**TASK GOAL**
From the entries that follow, copy exactly the lines beginning at the line holding "for easy ganjabread." and continuing through the line holding "MEXICO, D.F., 07MARZO2006.- Herminio".
*** Opening MATERIAL SHOWN ***
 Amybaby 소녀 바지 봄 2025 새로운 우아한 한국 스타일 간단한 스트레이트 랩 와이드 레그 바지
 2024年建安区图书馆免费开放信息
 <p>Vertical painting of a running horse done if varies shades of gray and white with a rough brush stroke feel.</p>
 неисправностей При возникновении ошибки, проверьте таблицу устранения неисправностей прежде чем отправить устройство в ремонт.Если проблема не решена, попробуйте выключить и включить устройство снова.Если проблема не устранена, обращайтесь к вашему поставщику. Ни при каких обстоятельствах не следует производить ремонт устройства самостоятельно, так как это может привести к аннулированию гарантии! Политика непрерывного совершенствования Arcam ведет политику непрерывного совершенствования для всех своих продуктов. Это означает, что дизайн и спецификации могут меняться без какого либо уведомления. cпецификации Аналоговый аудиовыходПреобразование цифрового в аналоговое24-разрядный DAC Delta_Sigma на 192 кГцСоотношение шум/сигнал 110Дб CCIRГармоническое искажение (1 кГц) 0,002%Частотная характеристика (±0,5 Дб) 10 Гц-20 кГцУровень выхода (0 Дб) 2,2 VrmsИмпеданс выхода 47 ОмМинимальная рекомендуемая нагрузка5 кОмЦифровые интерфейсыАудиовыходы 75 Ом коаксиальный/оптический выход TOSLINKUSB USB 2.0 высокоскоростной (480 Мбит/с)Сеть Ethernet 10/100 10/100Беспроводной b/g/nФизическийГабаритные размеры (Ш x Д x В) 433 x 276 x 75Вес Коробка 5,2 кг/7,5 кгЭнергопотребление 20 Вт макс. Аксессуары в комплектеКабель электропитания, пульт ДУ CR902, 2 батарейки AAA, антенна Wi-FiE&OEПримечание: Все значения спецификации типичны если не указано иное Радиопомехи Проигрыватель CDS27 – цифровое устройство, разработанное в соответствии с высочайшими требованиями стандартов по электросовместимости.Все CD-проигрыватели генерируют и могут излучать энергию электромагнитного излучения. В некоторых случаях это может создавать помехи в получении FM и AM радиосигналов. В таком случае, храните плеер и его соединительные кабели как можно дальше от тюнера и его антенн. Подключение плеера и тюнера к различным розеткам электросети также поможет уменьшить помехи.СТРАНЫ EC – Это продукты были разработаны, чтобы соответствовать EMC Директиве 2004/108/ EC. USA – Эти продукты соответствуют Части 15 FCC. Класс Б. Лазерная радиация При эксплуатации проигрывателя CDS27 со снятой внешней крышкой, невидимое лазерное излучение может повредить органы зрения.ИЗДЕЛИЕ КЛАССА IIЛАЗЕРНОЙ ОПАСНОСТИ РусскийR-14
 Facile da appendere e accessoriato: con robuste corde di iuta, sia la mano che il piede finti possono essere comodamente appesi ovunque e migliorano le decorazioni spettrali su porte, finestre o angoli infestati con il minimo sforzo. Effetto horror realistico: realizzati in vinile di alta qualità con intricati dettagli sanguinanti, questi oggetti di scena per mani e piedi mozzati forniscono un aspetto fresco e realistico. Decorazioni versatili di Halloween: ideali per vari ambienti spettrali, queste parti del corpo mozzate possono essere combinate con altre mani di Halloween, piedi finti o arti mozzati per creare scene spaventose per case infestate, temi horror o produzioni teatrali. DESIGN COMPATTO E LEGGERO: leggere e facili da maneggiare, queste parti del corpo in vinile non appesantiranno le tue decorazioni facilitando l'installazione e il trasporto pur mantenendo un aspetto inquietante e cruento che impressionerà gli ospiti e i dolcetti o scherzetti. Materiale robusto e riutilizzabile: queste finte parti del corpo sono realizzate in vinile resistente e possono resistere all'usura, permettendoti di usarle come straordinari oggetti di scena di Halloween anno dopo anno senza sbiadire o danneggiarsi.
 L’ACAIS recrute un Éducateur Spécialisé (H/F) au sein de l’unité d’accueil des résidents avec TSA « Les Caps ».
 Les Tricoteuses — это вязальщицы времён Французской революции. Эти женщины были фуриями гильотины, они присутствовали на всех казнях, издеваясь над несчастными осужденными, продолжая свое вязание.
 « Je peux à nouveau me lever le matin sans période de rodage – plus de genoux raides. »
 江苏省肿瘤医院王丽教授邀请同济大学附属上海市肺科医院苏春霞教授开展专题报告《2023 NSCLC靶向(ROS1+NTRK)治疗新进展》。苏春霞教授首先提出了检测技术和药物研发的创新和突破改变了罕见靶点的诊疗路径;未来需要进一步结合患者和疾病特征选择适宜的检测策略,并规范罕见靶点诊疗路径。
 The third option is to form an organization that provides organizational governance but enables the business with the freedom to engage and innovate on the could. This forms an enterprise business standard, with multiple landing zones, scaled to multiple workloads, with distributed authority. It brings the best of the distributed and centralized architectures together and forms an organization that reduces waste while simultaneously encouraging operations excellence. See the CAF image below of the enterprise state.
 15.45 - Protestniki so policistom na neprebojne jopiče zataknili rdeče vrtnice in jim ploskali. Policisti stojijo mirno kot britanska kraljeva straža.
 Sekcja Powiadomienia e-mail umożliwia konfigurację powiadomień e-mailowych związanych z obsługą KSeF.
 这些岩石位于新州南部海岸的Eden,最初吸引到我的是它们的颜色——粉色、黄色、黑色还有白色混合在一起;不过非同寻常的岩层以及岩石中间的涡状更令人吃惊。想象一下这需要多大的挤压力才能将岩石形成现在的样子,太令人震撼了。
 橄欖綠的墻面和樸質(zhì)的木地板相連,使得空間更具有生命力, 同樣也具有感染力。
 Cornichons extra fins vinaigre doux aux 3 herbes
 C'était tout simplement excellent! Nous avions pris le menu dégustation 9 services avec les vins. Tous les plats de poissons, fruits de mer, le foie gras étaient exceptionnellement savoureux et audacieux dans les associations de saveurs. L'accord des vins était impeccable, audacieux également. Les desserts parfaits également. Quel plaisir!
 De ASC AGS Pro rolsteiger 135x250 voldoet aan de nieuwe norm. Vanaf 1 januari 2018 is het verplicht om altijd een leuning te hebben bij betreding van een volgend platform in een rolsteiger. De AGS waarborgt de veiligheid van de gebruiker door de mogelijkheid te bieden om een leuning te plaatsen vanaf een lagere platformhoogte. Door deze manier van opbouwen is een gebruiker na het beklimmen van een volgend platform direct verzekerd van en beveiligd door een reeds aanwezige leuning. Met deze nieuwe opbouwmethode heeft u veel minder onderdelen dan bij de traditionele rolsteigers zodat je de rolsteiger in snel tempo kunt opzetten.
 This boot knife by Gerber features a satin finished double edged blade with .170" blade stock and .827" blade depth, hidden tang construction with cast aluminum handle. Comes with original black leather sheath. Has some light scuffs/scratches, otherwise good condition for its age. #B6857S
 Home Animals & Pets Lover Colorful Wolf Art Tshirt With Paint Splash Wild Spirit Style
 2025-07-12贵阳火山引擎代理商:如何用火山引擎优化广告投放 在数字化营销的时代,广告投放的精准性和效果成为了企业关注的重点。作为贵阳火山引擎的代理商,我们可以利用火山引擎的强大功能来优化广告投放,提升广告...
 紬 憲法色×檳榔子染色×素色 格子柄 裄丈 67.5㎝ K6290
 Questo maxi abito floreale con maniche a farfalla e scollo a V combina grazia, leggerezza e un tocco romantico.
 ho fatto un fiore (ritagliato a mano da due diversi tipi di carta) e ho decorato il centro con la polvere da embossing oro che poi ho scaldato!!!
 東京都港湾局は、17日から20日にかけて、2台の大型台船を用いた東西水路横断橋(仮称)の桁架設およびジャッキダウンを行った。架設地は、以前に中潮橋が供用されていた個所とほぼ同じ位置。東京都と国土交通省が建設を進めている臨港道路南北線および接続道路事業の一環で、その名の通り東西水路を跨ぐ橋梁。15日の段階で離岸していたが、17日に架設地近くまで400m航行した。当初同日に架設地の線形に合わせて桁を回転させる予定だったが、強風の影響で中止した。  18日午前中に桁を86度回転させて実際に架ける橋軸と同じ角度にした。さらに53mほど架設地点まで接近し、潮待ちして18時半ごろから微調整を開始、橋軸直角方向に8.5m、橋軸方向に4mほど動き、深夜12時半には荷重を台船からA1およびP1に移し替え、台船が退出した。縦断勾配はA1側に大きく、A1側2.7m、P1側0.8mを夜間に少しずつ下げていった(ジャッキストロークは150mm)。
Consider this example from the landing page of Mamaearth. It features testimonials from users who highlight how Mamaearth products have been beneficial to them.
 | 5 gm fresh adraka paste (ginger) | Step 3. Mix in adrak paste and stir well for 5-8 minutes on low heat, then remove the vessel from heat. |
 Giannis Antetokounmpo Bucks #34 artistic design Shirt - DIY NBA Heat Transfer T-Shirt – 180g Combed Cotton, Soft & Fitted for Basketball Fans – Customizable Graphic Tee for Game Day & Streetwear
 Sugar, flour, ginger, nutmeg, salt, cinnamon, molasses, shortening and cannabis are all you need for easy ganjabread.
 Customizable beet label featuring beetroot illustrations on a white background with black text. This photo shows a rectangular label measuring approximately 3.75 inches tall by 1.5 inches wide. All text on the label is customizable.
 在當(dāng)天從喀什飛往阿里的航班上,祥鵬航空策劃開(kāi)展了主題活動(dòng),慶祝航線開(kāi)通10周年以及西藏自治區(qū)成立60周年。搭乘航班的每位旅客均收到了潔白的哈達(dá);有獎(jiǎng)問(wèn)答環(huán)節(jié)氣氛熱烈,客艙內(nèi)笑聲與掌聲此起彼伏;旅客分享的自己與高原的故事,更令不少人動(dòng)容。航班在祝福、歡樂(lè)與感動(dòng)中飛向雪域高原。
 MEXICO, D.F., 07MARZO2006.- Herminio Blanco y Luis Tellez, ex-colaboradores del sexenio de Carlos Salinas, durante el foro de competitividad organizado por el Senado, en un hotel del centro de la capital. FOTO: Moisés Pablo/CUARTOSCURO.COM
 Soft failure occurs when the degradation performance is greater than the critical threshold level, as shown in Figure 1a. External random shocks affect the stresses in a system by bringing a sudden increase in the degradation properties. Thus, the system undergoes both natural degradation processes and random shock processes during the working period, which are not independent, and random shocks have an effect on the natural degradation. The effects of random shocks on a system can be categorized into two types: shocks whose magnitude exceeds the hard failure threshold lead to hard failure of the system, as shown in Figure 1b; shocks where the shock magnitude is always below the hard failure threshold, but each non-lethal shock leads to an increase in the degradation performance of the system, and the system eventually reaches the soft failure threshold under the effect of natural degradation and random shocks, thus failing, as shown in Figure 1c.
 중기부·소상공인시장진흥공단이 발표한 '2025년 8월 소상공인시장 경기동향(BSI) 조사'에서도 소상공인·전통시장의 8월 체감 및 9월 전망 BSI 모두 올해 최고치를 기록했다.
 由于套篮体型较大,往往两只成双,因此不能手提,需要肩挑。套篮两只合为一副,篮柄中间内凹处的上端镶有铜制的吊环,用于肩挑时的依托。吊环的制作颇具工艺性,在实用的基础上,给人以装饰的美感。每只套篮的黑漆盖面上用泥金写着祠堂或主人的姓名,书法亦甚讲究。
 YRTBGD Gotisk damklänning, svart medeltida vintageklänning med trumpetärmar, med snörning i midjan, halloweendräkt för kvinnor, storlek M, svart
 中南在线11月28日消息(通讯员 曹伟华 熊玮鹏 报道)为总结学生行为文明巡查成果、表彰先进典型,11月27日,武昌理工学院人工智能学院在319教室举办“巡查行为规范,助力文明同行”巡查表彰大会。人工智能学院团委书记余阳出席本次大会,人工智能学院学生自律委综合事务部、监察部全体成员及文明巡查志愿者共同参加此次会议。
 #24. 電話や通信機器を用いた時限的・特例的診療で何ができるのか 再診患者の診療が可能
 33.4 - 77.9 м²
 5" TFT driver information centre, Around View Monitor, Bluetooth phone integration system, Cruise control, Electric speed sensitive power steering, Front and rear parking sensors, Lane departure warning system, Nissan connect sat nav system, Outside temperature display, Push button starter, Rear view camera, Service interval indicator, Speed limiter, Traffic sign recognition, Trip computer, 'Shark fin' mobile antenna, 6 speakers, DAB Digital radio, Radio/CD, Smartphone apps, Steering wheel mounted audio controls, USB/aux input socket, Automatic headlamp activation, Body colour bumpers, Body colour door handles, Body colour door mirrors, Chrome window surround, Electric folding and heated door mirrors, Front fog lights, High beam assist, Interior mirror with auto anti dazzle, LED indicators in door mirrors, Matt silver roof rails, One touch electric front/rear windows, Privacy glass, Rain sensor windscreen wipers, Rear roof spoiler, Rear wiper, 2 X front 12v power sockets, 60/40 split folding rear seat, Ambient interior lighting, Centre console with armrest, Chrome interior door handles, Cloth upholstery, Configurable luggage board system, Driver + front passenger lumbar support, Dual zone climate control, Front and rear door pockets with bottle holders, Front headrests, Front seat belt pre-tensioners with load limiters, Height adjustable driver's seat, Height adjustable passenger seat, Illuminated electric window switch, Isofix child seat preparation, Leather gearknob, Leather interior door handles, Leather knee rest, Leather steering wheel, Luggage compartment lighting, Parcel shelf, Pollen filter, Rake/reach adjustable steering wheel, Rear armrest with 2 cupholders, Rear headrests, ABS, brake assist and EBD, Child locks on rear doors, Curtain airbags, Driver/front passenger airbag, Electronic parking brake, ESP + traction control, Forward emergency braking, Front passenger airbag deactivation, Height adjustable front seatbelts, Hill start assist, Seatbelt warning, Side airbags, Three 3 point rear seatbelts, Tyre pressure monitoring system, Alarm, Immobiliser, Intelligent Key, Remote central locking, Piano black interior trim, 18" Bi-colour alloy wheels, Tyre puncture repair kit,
*** Closing MATERIAL SHOWN ***
**SOLVED PROBLEM**
 Sugar, flour, ginger, nutmeg, salt, cinnamon, molasses, shortening and cannabis are all you need for easy ganjabread.
 Customizable beet label featuring beetroot illustrations on a white background with black text. This photo shows a rectangular label measuring approximately 3.75 inches tall by 1.5 inches wide. All text on the label is customizable.
 在當(dāng)天從喀什飛往阿里的航班上,祥鵬航空策劃開(kāi)展了主題活動(dòng),慶祝航線開(kāi)通10周年以及西藏自治區(qū)成立60周年。搭乘航班的每位旅客均收到了潔白的哈達(dá);有獎(jiǎng)問(wèn)答環(huán)節(jié)氣氛熱烈,客艙內(nèi)笑聲與掌聲此起彼伏;旅客分享的自己與高原的故事,更令不少人動(dòng)容。航班在祝福、歡樂(lè)與感動(dòng)中飛向雪域高原。
 MEXICO, D.F., 07MARZO2006.- Herminio Blanco y Luis Tellez, ex-colaboradores del sexenio de Carlos Salinas, durante el foro de competitividad organizado por el Senado, en un hotel del centro de la capital. FOTO: Moisés Pablo/CUARTOSCURO.COM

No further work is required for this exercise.